Следуя правде жизни, писатель вместе с тем показывает, что и либеральными полумерами невозможно облегчить народное бремя. С большой художественной убедительностью утверждается эта мысль сюжетом "Хроники", образами ее героев - народного заступника Дмитрия Кряжева, смуринской доброй барыни Лизаветы Петровны Водяниной, учителя Владимира Дмитриевича Верхозова.
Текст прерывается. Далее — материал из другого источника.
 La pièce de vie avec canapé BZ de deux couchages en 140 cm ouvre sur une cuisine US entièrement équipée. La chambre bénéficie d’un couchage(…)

Главным героем романа является Дмитрий Кряжев, мужицкий ходатай против жадных кулаков Закручья. В отличие от стихийного бунтаря Аггея, Дмитрий Кряжев пытается осуществить народническую программу "спасения" крестьян. По его инициативе смуринцы открывают ссудо-сберегательную кассу, общественную лавку, создают кузнечную артель. Кулаки Закручья становятся вкладчиками ссудо-сберегательной кассы, берут в ней деньги для коммерческих предприятий, бедняков же касса не в состоянии вывести из нужды. Общественная лавка не выдерживает конкуренции с богатыми магазинами кулаков Закручья. А кузнечную артель прибирает к рукам кулак Лисин, настоящий волк в овечьей шкуре "либерального" деятеля.
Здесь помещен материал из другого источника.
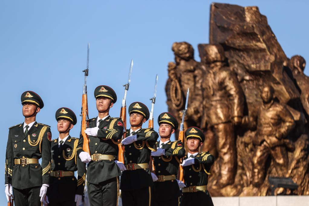 2020年10月23日,在丹東抗美援朝紀(jì)念塔敬獻(xiàn)花籃儀式上,禮兵在儀式中準(zhǔn)備。

Как установила О. В. Шеляпина на основании обнаруженного ею в центральном государственном архиве Октябрьской революции СССР "Дела 3-го отделения собственной его императорского величества канцелярии о крестьянине Псковской губернии Якове Бурунове, начатого 6 ноября 1871 года и законченного 8 марта 1872 года", Яков Бурунов явился прототипом главного героя романа "Хроника села Смурина" - Дмитрия Кряжева. Крестьянин из деревни Избоево Холмского уезда Псковской губернии Яков Бурунов обвинялся в "подстрекательстве крестьян к неповиновению местным властям, в распространении ложных слухов о неплатеже податей и оскорблении волостного старшины словами". И хотя суд присяжных оправдал Бурунова, псковский губернатор, считая его "вредным для общественного спокойствия" человеком, приказал вновь арестовать его и, с согласия самого царя, выслал крестьянина на бессрочное жительство в г. Кемь Архангельской губернии под строгий полицейский надзор. Личность Якова Бурунова заинтересовала Засодимского настолько, что писатель воссоздал всю связанную с ним судебную историю и некоторые черты облика этого "ходатая" по крестьянским делам в своем романе. Кряжева, как и Бурунова, обвиняют в "распространении ложных толков и в возбуждении крестьян к неповиновению", подвергают аресту, тюремному заключению, а затем - суду, который выносит ему оправдательный приговор.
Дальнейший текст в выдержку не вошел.